Higher education is amid the most significant upheaval since the Second World War. Fitch, a principal United States bond rating firm, downgraded the sector to “negative” and noted that “Consolidation is likely to accelerate in 2019 and beyond, which may take multiple forms. Smaller private institutions remain most susceptible to consolidation either through a merger, affiliation with another larger institution or outright closure in the most serious scenario” (Wadhwani, 2018). Wadhwani, the report’s author, also cited operational expense pressure, limits to tuition increases, and increasing competition as headwinds for higher education.
As a result of these pressures, 176 higher learning institutions have closed or announced they will close or consolidate with another institution since 2016 (Busta, 2018). And while most of the students impacted were at for-profit institutions, most of the institutions themselves (101 of the 176) are not-for-profit.
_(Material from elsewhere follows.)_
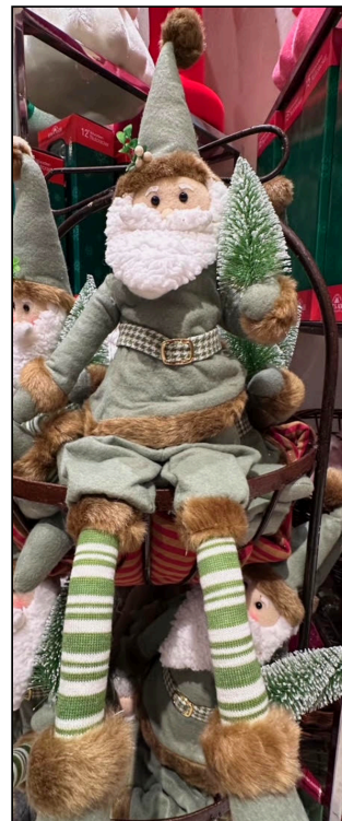
Cute decorations for Christmas trees!

So save some dates in December and some of the fantastic events occurring all through December in Georgia. Check out the websites for more information.

Each of these institutions has a story leading to their loss of independence; however, one element is common – financial exigency. That exigency extends to the university and the staff, students, faculty, and communities impacted by the closure or consolidation.
Often, the university and those impacted are forced to turn to the United States Bankruptcy Court for relief. Bankruptcy allows a debtor to stop collection actions while reorganizing their finances. That reorganization generally takes two forms – a reorganization, where the person or business retains their assets and works out a repayment plan, and a liquidation – where the person or business sells their assets in partial or complete satisfaction of their debts. Actions in bankruptcy court are governed by a combination of state law and federal statutes. The federal law governing bankruptcy is Title 11 of the United States Code. (U.S. Bankruptcy Code, n.d.)
The impacts of the bankruptcy code are different for each group of impacted stakeholders. This research paper will focus on two stakeholders – the university and the students the university serves.
The ability of a college to file bankruptcy is limited by its reliance on Title IV federal funds. If a school receives funding under Title IV of the Higher Education Act, the institution’s eligibility to participate in these programs terminates automatically at the time of filing because the institution no longer meets the definition of “eligible financial institution” under 20 U.S. Code § 1002. Thus, while most other businesses and organizations could be afforded the opportunity to restructure and reorganize their finances under provisions of the bankruptcy code, colleges are stuck in a difficult position of attempting to maintain adequate liquidity while not being able to utilize the protections afforded by the bankruptcy code due to statutory limitations and the heavy reliance by schools and students on federal student loans and aid under Title IV.
Under the Bankruptcy Code §109, a university participating in financial aid programs may be a debtor in bankruptcy. However, the inability of the university to access Title IV funds effectively limits the university to a bankruptcy filing if they intend to liquidate quickly under provisions of Chapter 7 of the bankruptcy code. Any attempt to reorganize under Chapter 11 of the bankruptcy code would immediately trigger ineligibility under 20 U.S. Code § 1002, resulting in the freezing of federal funds and the inevitable inability to reorganize. This position was confirmed by the Southern District of New York in 1996 when Betty Owen Schools, Inc. argued that the revocation of Title IV funds under the HEA violated their rights under 11 U.S. Code to reorganize. The court found that “In this instant case, the general policy goals of the two statutes — the Bankruptcy Code and section 1088(a)(4) of the HEA — will be furthered if this Court finds for the Department. First, Congress’s desire to conserve scarce resources under HEA programs will be furthered. Second, conflicting provisions in the Bankruptcy Code will be reconciled.” (In re: Betty Owen Schools, Inc.,1996)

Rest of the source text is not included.